Quality of Life After Hysterectomy (AdenoQOL)

Quality of Life Clinical Trial

Official title:
Quality of Life After Hysterectomy for Adenomyosis and Other Benign Gynecological Conditions

Clinical Trial Details — Status: Active, not recruiting

Administrative data
NCT number NCT04791033
Other study ID # 213906
Secondary ID
Status Active, not recruiting
Phase
First received
Last updated
Start date March 18, 2021
Est. completion date December 2030

Study information
Verified date April 2024
Source Oslo University Hospital
Contact n/a
Is FDA regulated No
Health authority
Study type Observational

Clinical Trial Summary

Adenomyosis is a disease where ectopic endometrial-like glands affect the muscular wall of the uterus.
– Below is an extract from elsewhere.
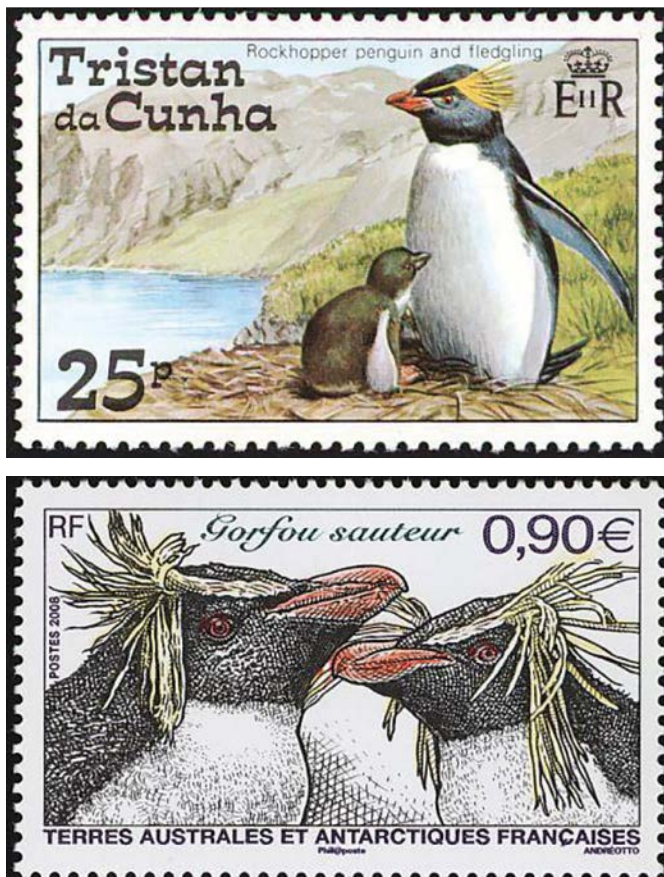
Figure 4: Deux exemples de timbres postaux représentant des gorfous sauteurs du Nord.

des otaries près des sites d'échouage ont été rapportés, mais ils seraient rares. On estime que l'otarie à fourrure subantarctique ( Arctocephalus tropicalis ), le pétrel géant et le labbes ont également un impact sur les tendances des populations de manchots Eudyptes vivant ailleurs (Horswill et al. 2014, Morrisson et al. 2017).

About 70% of women affected by adenomyosis suffer from dysmenorrhea and menorrhagia. A levonorgestrel-releasing intrauterine device (LNG-IUD) is the first-choice treatment of adenomyosis, but is not always sufficiently effective in all women. Those women often end up removing the uterus (hysterectomy). Hysterectomy is clinically regarded to be an efficient and final treatment of adenomyosis, but pelvic pain may also prevail after removal of the uterus. This study aimes to investigate the short - and long-term impact of hysterectomy on quality of life (QOL) and sexual function in women with adenomyosis, and further to evaluate if there is any difference compared to women that are removing their uterus due to other benign gynecological conditions.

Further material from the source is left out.